Researchers at the Center for Infectious Disease, The University of Texas at Austin have established a new method that allowed them to sequence the genome of the bacteria Pseudomonas aeruginosa in a context identical to the one present in the lung micro-environment of an individual with cystic fibrosis (CF). The study was recently published in the journal Proceedings of the National Academy of Sciences (PNAS) and is entitled “Essential genome of Pseudomonas aeruginosa in cystic fibrosis sputum.”
CF corresponds to a genetic disease that can result in serious respiratory and gastrointestinal manifestations. In CF, a defective gene causes the body to form unusually thick, sticky mucus (sputum) that is difficult to cough up and can accumulate in the lungs, creating an environment prone to bacteria growth and development of severe lung infections. CF patients are often hospitalized due to infection with Pseudomonas aeruginosa, a life-threatening bacterial infection that can induce difficulties in breathing, serious illness and early death in these individuals. P. aeruginosa can develop into large, antibiotic-resistant colonies in the patient’s lungs.

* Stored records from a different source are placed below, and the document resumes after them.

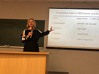 Методической частью семинара стало выступление заведующей кафедрой иностранных языков Анны Олеговны Стеблецовой на тему «English as Medium of Instruction: practical tips to VSMU academic staff». В интерактивной форме участники обсудили практические особенности ведения лекций и семинарских занятий для англоязычной аудитории. Были рассмотрены основные речевые и коммуникативные приемы, которые используются при обучении на английском как языке-посреднике.
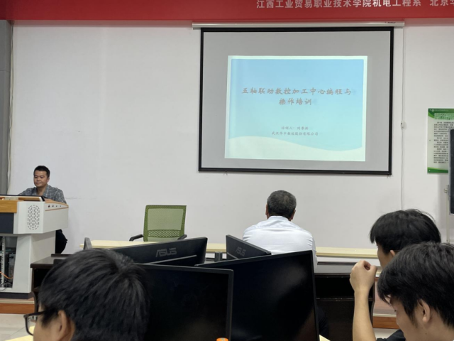 为深入贯彻落实习近平总书记关于智能制造发展的重要指示精神,进一步培养多轴联动加工的专业技能人才。2023年11月3日,机电工程系数控技术专业开展五轴联动数控加工中心编程与操作培训讲座,特邀请武汉华中数控有限公司专家刘尊洪老师进行授课。机电工程系数控技术专业教师及2021级和2022级学生参加此次培训。
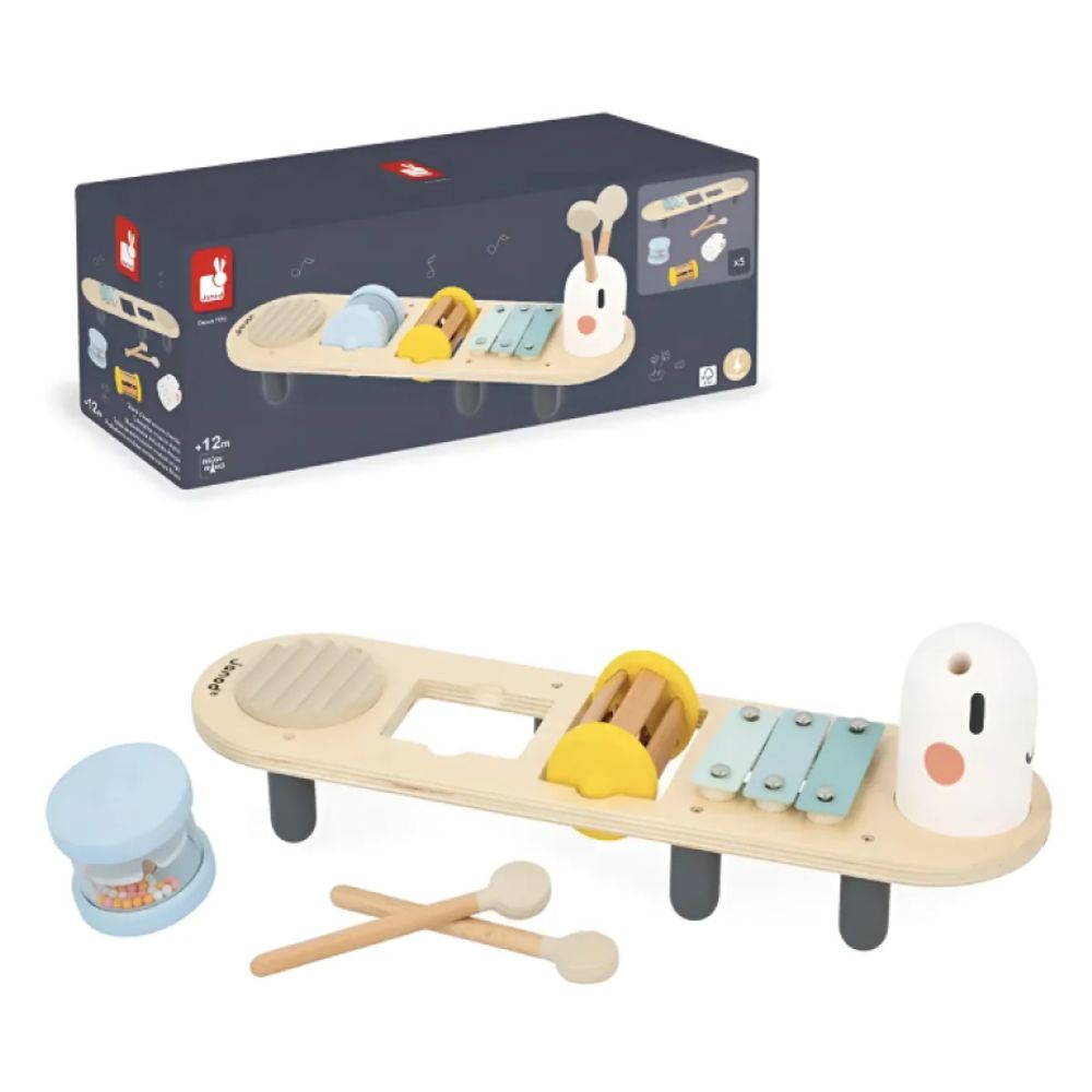 Mesa Lagarta Musical Sweet Cocoon – Brinquedo Educativo de Madeira com Instrumentos Musicais para Bebês

Mimicking the unique conditions in the lungs of a CF patient is a challenging task that has impaired advances in understanding CF pathology and P. aeruginosa infection, including the genetic profile of the bacteria. Researchers have now discovered a new method to culture bacteria in mucus samples from CF patients in order to re-create the bacterial behavior in the original lung environment of a person with CF. Remarkably, using this technology, the research team analyzed numerous mutations of two P. aeruginosa strains and identified several genes that seem to be essential for bacterial reproduction and survival.
“We’ve developed something other labs can replicate,” said the study’s senior author Dr. Marvin Whiteley in a news release. “It allows researchers to do relevant experiments in a context that really matters.” This new method allows researchers to conduct large-scale experiments in settings that mimic the original lung environment colonized by the bacteria, without the need of collecting numerous sputum samples.
Researchers from other institutes emphasize the relevance of this novel method and its potential application. “For the past decade, we have understood that Pseudomonas is arguably the major colonizing infection for people with cystic fibrosis. For a long time we have studied Pseudomonas the way we study other pathogens,” noted Dr. John LiPuma, a professor at the University of Michigan. “But the cystic fibrosis lung is extraordinarily complex. In the research community, we’ve got to develop systems biology approaches, such as this one, that take a more sophisticated approach to get us where we need to be.”
“Most studies grow bacteria in test tubes in a rich growth medium they never see in the real world. It’s rather like studying lion behavior in a zoo rather than in its natural habitat,” said Dr. Steve Diggle, an associate professor at the University of Nottingham. “What Marvin has done is to try and re-create the sputum that Pseudomonas grows in so we can see what genes are important for bacterial fitness in this environment.”
Researchers believe that the ability to re-create the sputum conditions in a CF patient’s lung will allow a more in-depth study of how different bacterial strains behave, which genes are important for its spread, the mechanisms behind antibiotic resistance and identification of potential new therapeutic targets against these persistent infections.